[Start of section]

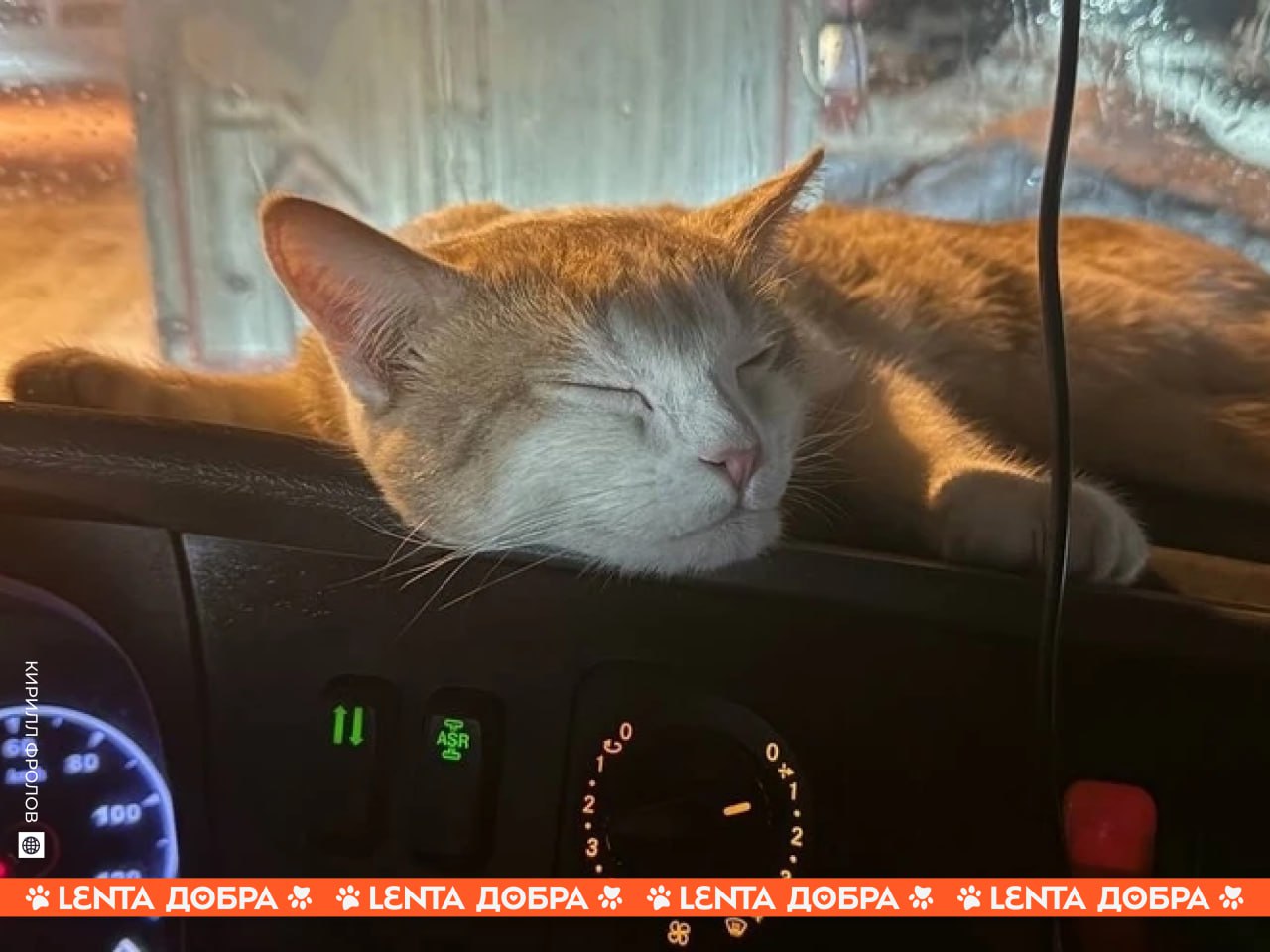 Хвостатый путешественник по кличке Кокос стал напарником жителя Липецка в марте 2023 года. Мужчина нашёл его ещё совсем котёнком на одной из заправок на Урале. Кокос был худой, голодный и очень грязный.Дальнобойщик не оставил малыша в беде и забрал с собой. Так и началось их сотрудничество.
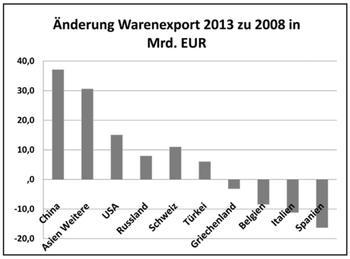 Dem deutschen Imperialismus ist es gelungen, seinen Rückgang bei Exporten in EU-Länder auszugleichen, insbesondere durch Zuwächse in China, dem übrigen Asien, den USA und einigen europäischen nicht-EU-Ländern, darunter Russland. Doch diese Exporte sind schwankender im Absatz, die Position muss stärker abgesichert werden als das Geschäft in den näheren Ländern der EU. Auch wenn China im Vergleich zwischen 2008 und 2013 den größten Zuwachs im deutschen Warenexport ausmacht, stagniert die Entwicklung seit 2011, und weiterhin nur rund 6 % aller Warenexporte aus Deutschland gehen nach China. Die Stagnation dieser China-Exporte resultiert auch daraus, dass zum Beispiel Kfz deutscher Automarken immer mehr in China selbst produziert werden. Diese Fahrzeuge sind damit nicht mehr Teil des Warenexports aus Deutschland, sondern resultieren aus dem Kapitalexport deutscher Automobilmonopole, der Errichtung neuer Produktionsstätten in China.4 Waren- und Kapitalexport werden so zu zwei Seiten einer Medaille.
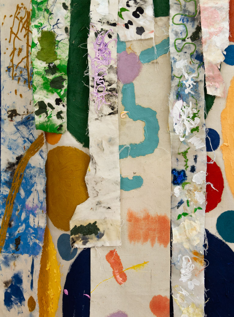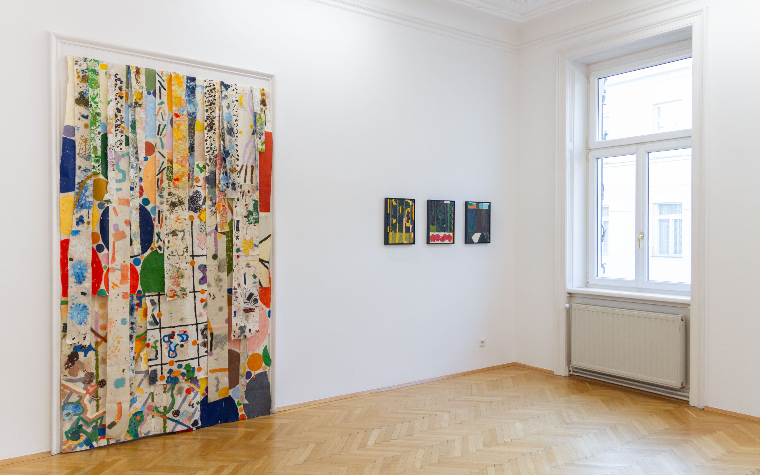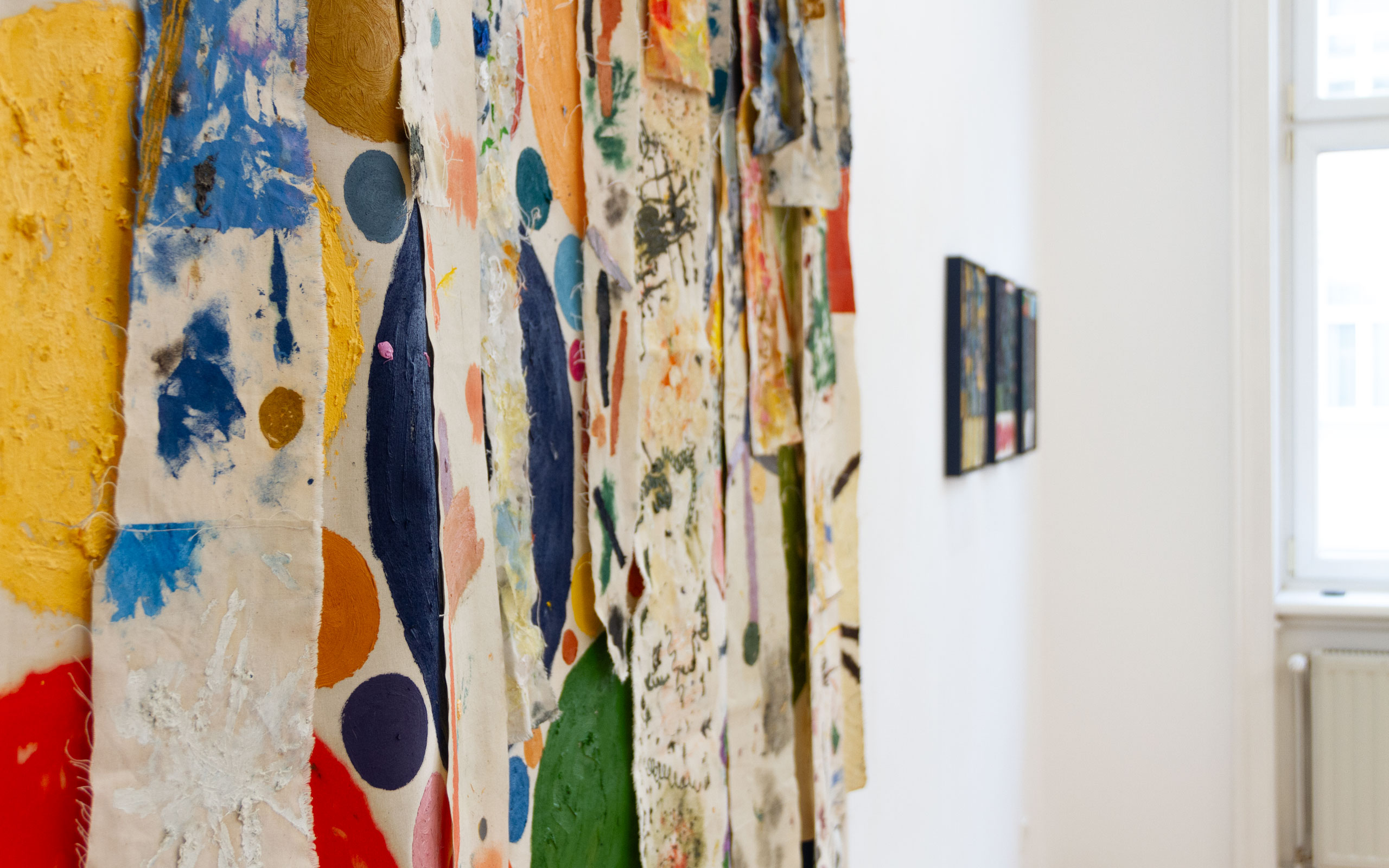 Alongside this edition, the exhibition also presents large-format canvases and a fabric installation that expands the spatial experience of the show. Together they form an ensemble that makes Freund’s engagement with materiality, time, and transience tangible across different media registers.

[End of section]

Task goal.
Every line of the listing above is to be set down verbatim, without the pictures.

Answer to this exercise.
 Хвостатый путешественник по кличке Кокос стал напарником жителя Липецка в марте 2023 года. Мужчина нашёл его ещё совсем котёнком на одной из заправок на Урале. Кокос был худой, голодный и очень грязный.Дальнобойщик не оставил малыша в беде и забрал с собой. Так и началось их сотрудничество.
 Dem deutschen Imperialismus ist es gelungen, seinen Rückgang bei Exporten in EU-Länder auszugleichen, insbesondere durch Zuwächse in China, dem übrigen Asien, den USA und einigen europäischen nicht-EU-Ländern, darunter Russland. Doch diese Exporte sind schwankender im Absatz, die Position muss stärker abgesichert werden als das Geschäft in den näheren Ländern der EU. Auch wenn China im Vergleich zwischen 2008 und 2013 den größten Zuwachs im deutschen Warenexport ausmacht, stagniert die Entwicklung seit 2011, und weiterhin nur rund 6 % aller Warenexporte aus Deutschland gehen nach China. Die Stagnation dieser China-Exporte resultiert auch daraus, dass zum Beispiel Kfz deutscher Automarken immer mehr in China selbst produziert werden. Diese Fahrzeuge sind damit nicht mehr Teil des Warenexports aus Deutschland, sondern resultieren aus dem Kapitalexport deutscher Automobilmonopole, der Errichtung neuer Produktionsstätten in China.4 Waren- und Kapitalexport werden so zu zwei Seiten einer Medaille.
 Alongside this edition, the exhibition also presents large-format canvases and a fabric installation that expands the spatial experience of the show. Together they form an ensemble that makes Freund’s engagement with materiality, time, and transience tangible across different media registers.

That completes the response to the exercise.